Care about clean water? Now invest in it.

Impact investing is a newly minted term in the lexicon of Socially Responsible Investing jargon. It references going beyond the broad net of “socially responsible investing”, and investing in companies and/or products that are for-profit enterprises pursuing the solution to a global problem. An example would be the “clean water fund”, in which you might purchase a bundle of investments across different sectors, such as water purification plants, water distribution companies, water well maintenance, etc. The goal of the “solution” you are investing in is both to have a profitable return on your money, and help in some small way to solve a global predicament or opportunity.

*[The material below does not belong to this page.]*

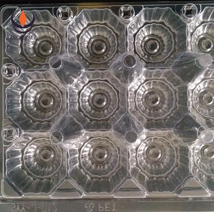 Sancho Thin-gauge thermoforming products include blister packaging, clam-shell, food container, plastic trays for a variety of applications: electronics, food, cosmetics, toys, hardware tools, stationery, We process thicknesses from 0.006" thick to 0.08" thick with material PET, PVC, PPC, OPS, ABS, PC Antistatic, conductive, flocking.
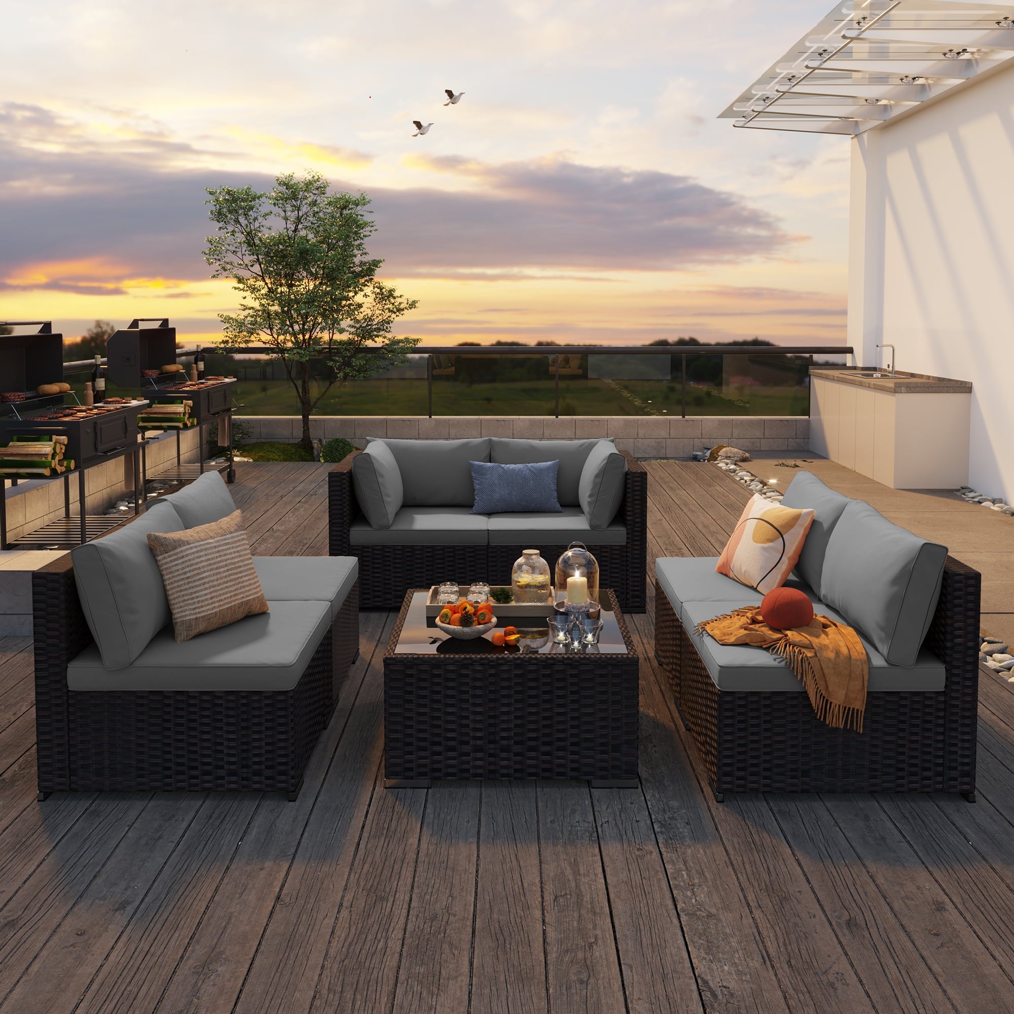 The sleek black wicker and neutral gray cushions complement modern outdoor decor. The tempered glass coffee table provides a durable surface for drinks and snacks while adding elegant sophistication.

I most recently discussed Impact Investing while watching the Mayweather/McGregor fight in a crowded sports bar in Hawaii. My husband Shawn is an avid boxing fan, and he convinced our 15 year old daughter Sophia and me to join him to watch the fight and avoid the $99 download fee at home. She and I naively thought we would happily go along for the ride, have a chance to get dressed cute and go out to lunch as a family. Instead, we were sandwiched like sardines in one of the only two bars on Kauai broadcasting the fight. Sophia sat between Shawn and I on the bar stools so close together our shoulders touched. To my right, was a man named Steve who was on Kauai for work. Coming up on his 30th birthday, he was in every way a true millennial. Once discovering I help people with their finances, he lamented about started college in 2007, being told that if he got a business degree “companies would be lining up for him”. When he graduated sixty thousand dollars in debt four years later, the economy was in shambles and people like him were lining up for every possible job opportunity. He explained how his generation felt so traumatized by that, the implosion of the American Dream. As a result, like many in her demographic he is waiting to get married, have kids, is saving money and living below his means (unlike his extravagant Gen X big brother he told me about as well). He wants to rent in the city, work hard, pay his debts off, and think long and hard about the feasibility of a house in the ‘burbs. In addition to being a corporate medical software sales rep with an MBA that travels the world making presentations to hospitals, he is also a regular activist. He shared details of various demonstrations he has attended, and how “fucked up” everything is, and how he’s just sick of it and he’s going to do something. He looked at me and said, “isn’t there any way to make money in my retirement plan with companies that care about the world?”. BINGO! Yes! Impact Investing solves his economic problems and his sense of social responsibility.


Impact Investing is aimed to generate specific beneficial social or environmental effects, while simultaneously achieving financial gain. Impact Investing is technically a subset of Socially Responsible Investing (SRI), but they are actually notably different in their underlying philosophy. The definition of socially responsible investing encompasses “avoidance of harm, impact investing actively seeks to make a positive impact by investing, for example, in nonprofits that benefit the community or in clean technology enterprises.” , while the definition of Impact Investing is “….One example of an impact investing project is a community solar program. A platform called Mosaic allows people to invest as little as $25 to fund solar projects that save money for homeowners, schools or other institutions while reducing carbon emissions….”. The Impact Investing vehicle is designed to find a solution to a specific problem, and make money at the same time. At the same time, the SRI screens (of minimizing harm) are applied to the companies chosen for inclusion in the Impact Investment portfolio for each specific project.”